FUP discute agenda dos petroleiros com ministro Gilberto Carvalho

Imprensa da FUP

     Em reunião nesta quinta-feira, 12, com o ministro da Secretaria Geral da Presidência da República, Gilberto Carvalho, a FUP voltou a defender o fortalecimento da atuação da Petrobrás na exploração dos campos terrestres de petróleo. Os dirigentes da Federação ressaltaram para o ministro a preocupação com a informação que tiveram de que o CNPE (Conselho Nacional de Pesquisas Energéticas) teria encaminhado para a presidenta Dilma Rousseff uma proposta de regulamentação da participação das empresas de pequeno e médio porte na exploração de petróleo.
     A FUP ressaltou que essas empresas vêm realizando nos últimos anos um forte lobby junto ao Congresso Nacional e ao governo para se apoderar dos campos de produção terrestre que são operados pela Petrobrás. Os sindicalistas destacaram que a categoria continua mobilizada para impedir qualquer movimentação neste sentido e cobrou o agendamento de uma reunião com o governo para discutir esta questão antes que a proposta de regulamentação seja avaliada.
     Foi com mobilização e muita pressão que a FUP garantiu em junho do ano passado o veto do presidente Lula ao trecho da lei de capitalização da Petrobrás, que permitia a estatal utilizar seus ativos terrestres para ressarcir a União na operação de cessão onerosa. A luta, portanto, continua.
Benzeno e aposentadoria especial
     Na reunião com o ministro da Secretaria Geral da Presidência da República, Gilberto Carvalho, a FUP também reiterou a necessidade do governo implementar uma política de Estado que coíba a sonegação da alíquota extra do GFIP, que não está sendo recolhida, como deveria pelas empresas que têm trabalhadores expostos a agentes nocivos à saúde, entre eles o benzeno. No caso dos petroleiros, a Petrobrás e as demais empresas do setor não estão recolhendo a alíquota extra, onerando a previdência pública, que acaba assumindo uma dívida que é dos patrões no momento de conceder a aposentadoria especial aos trabalhadores que sofreram exposição ao benzeno e a outros agentes químicos. A FUP também denunciou ao ministro a intenção da Petrobrás de impor em suas unidades um “limite de tolerância” à exposição ao benzeno, produto altamente cancerígeno, e reiterou que a categoria está mobilizada para impedir este ataque.
Agenda permanente
     A FUP propôs um calendário permanente de reuniões para discutir periodicamente com o governo questões ligadas à soberania nacional, setor energético e demais reivindicações dos petroleiros. O ministro Gilberto Carvalho concordou com a proposta e acertou a realização de reuniões bimestrais com a Federação.

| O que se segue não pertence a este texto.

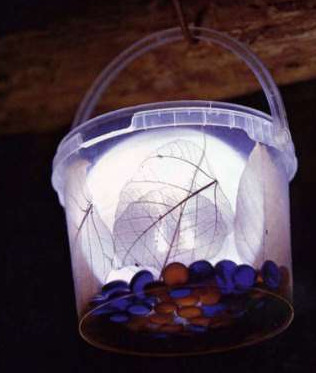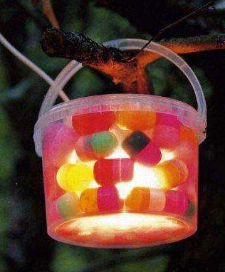 Для изготовления небольших плафонов для лампочки в саду подойдут исключительно прозрачные майонезные ведерки. Эффектно будет выглядеть, если их оклеить разноцветными стекляшками или оформить в виде гербария. В принципе, удачное оформление такого плафона – результат хорошего вкуса и воображения. Если в них нет недостатка, такой осветительный прибор может выглядеть весьма симпатично. Прослужит он вам достаточно долго, так как пластик не боится ни снега, ни ветра, ни дождя. Если же ведерко потускнеет, то после поедания очередной порции майонеза можно сделать новый практически бесплатный экземпляр.
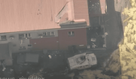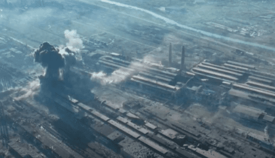 Ruska državna televizija prikazala je kako se iznad tvornice koja je posljednjih tjedana bila izložena masovnom zračnom bombardiranju i granatiranju od strane snaga Vladimira Putina, uzdižu gusti oblaci dima.
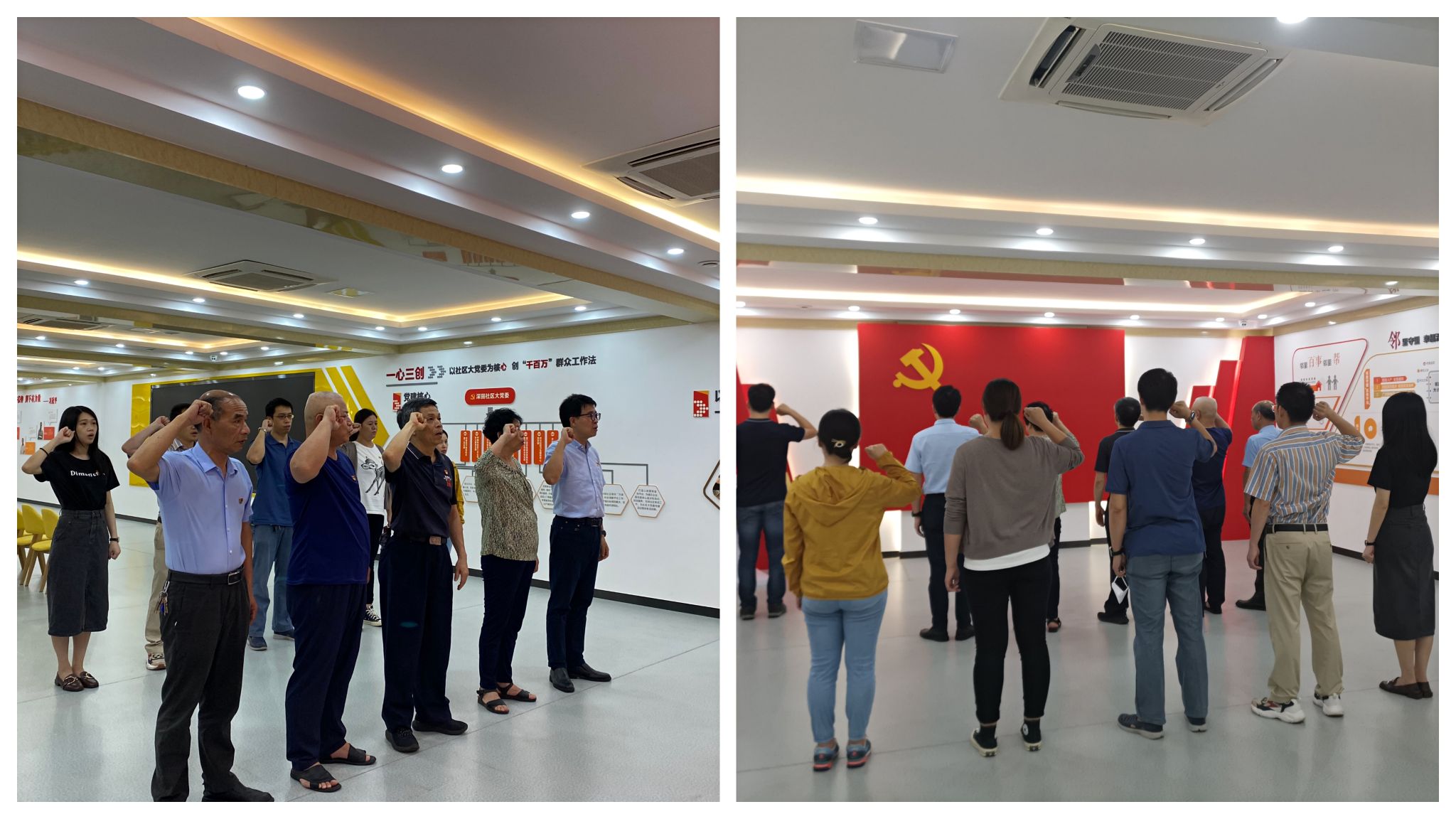 参观结束后,在职教职工第二党支部组织委员庄耿聪领誓,参加活动党员面向党旗,重温入党誓词。

     Matéria publicada na página da Federação Única dos Petroleiros na internet em 12 de maio de 2011.

domingo, 8 de maio de 2011

Ministério Público vai investigar PPEOB da Reduc

     Dando curso à denúncia do Sindicato dos Petroleiros de Duque de Caxias, o Ministério Público do Trabalho de Nova Iguaçu vai seguir com o Inquérito Civil Público que investiga o Programa de Prevenção à Exposição Ocupacional ao Benzeno (PPEOB) da Reduc. Em audiência ocorrida na última quinta-feira, 28 de abril, o Sindicato prestou informações ao novo Procurador do Trabalho responsável pelo caso, Dr. Fábio Luiz Mobarak Iglessia, que elaborou uma lista de requisições à gerência da refinaria a fim de instruir futuro Termo de Ajustamento de Conduta ou Ação Civil Pública.
     No encontro, o Sindipetro Caxias declarou que a refinaria não recolhe a contribuição do Seguro Acidentário do Trabalho (SAT) com alíquota majorada para que os trabalhadores possam exercer seu direito à aposentadoria especial, que a informação do agente benzeno dos trabalhadores dos GHEs não consta nos ASOs e nos PPPs, a fim de proteger a empresa de eventuais ações reparatórias, e que existem unidades como o Coque, U-1250, PGN e UFL que não estão incluídas no PPEOB.
     O Sindicato mencionou ainda os problemas do Laboratório da Reduc que foi criado há 50 anos sem modernização significativa e atualmente possui ar condicionado em desacordo com as normas técnicas e uma sala de lavagem de garrafas insalubre.
     O Procurador do MPT fez uma série de requisições à Reduc a fim de investigar o PPEOB. Entre elas, pode-se destacar a apresentação de documentos atualizados como o PPRA, PCMSO, LTCAT, PPEOB, 10 PPPs de trabalhadores dos GHEs do benzeno, ASO de todos os trabalhadores próprios e contratados expostos e a última GFIP com impressão completa preenchida com o CNPJ da refinaria.
     Ainda para instruir o Inquérito Civil Público, o MPT requisitou da Receita Federal a alíquota de SAT, o multiplicador FAP e, como resultado da operação aritmética, a alíquota fixada para o ano de 2011 para a Reduc. Requisitou também o procedimento administrativo da consulta nº 40 de 2009, da Receita Federal, que define ser a exposição ao benzeno qualitativa, obrigando que seja feito o recolhimento da alíquota majorada da GFIP para os trabalhadores expostos.
     Por fim, pediu ao Sindicato que faça contato com a Dra. Arline Arcuri, pesquisadora da Fundacentro, para que apresente um projeto de perícia investigativa na Reduc e agende uma data para início do trabalho.

     Matéria publicada no informativo Unidade Nacional nº 238, do Sindipetro Caxias, em 4 de maio de 2011.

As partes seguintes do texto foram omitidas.